Personal life
- Parent: Avraham (father);

Religious life
- Religion: Judaism

= Yehiel Michel Epstein Ashkenazi =

17th-century Jewish writer

Yehiel Michel ben Avraham Epstein Ashkenazi (יחיאל מיכל בן אברהם עפשטיין אשכנזי), also known as Jeḥiel Michel Segal Epstein (יחיאל מיכל סג"ל עפשטיין) was a Sabbatean writer and ethicist who lived in the seventeenth century. He refers to himself as an Ashkenazic Jew. He was the son-in-law of a certain rabbinical judge named "Yom-Tov Oppenheim".

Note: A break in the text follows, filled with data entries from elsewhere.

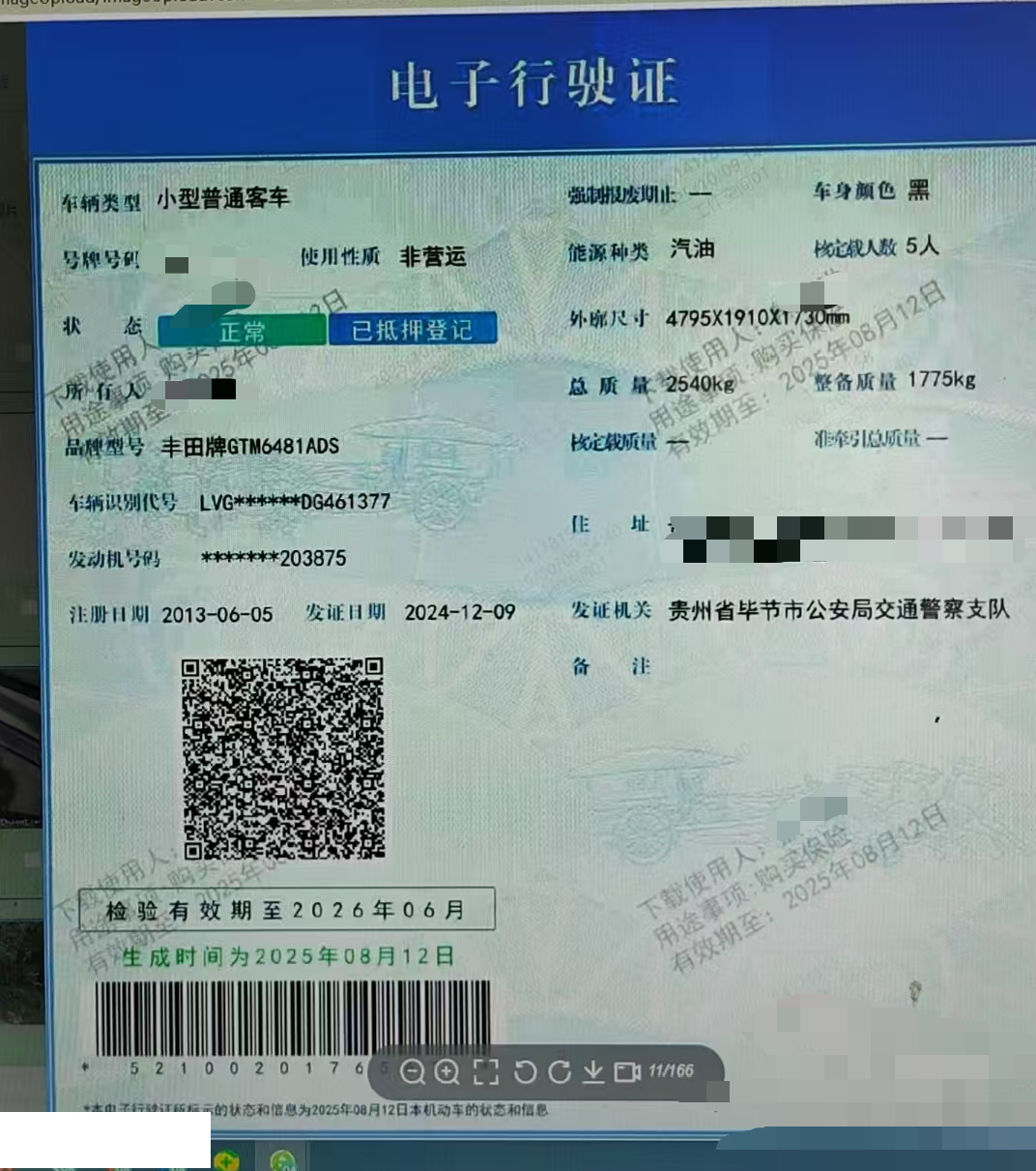 车牌号 贵****** 品牌 丰田
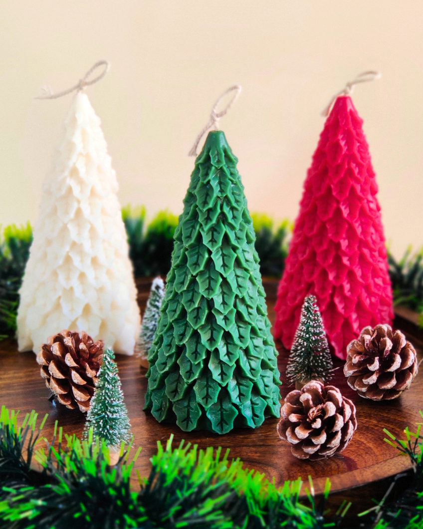 Unscented Soy Wax Christmas Tree Candle – Eco-Friendly Holiday Decor (3 Colours)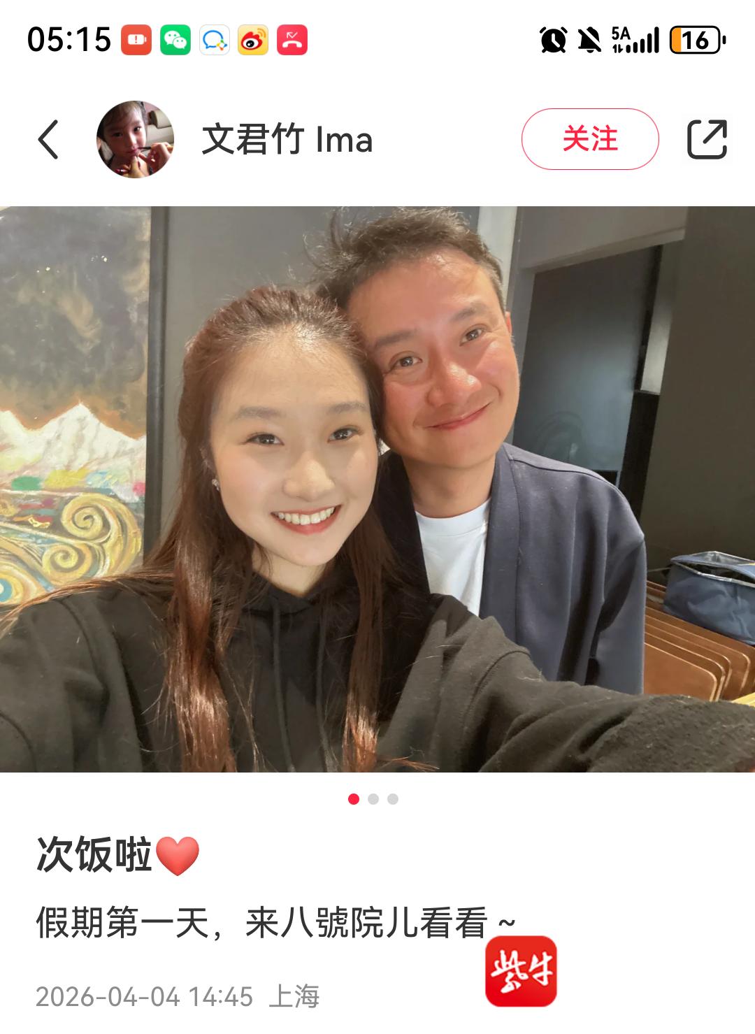 在饭店正式开业前,文章的女儿文君竹就已经来尝过鲜了。 她成了爸爸饭店的第一位顾客。 文君竹今年17岁,父女俩感情一直很好。 她在自己的社交账号上晒过“八号院儿”的照片,包括店里的茶杯和菜品。

In 1693, Yehiel Michel published Ḳiẓẓur Shnei Luḥot haBrit (קיצור שני לחות הברית), also known as Kitzur Shelah (קיצור של"ה), written after the style of Isaiah Horowitz's Shnei Luḥot haBrit (1648). A second edition, with numerous additions, and containing extracts from current ethical works, was published three years later (Fürth, 1696) and a third edition with even more material was published in Amsterdam (1723). Nothing is known of his career. Jacob Emden publicized the Sabbatean nature of the work in Torat Kinna'ot (1752) and explicit references to Zevi were excised from subsequent editions. The Kitzur Shelah is notable for introducing many mystical and liturgical traditions, always citing them, however, to manuscripts supposedly in the author's possession.

Yehiel Michel also published Yiddish works, including Derekh ha-yashar le-olam haba, and has been called a "champion of Yiddish".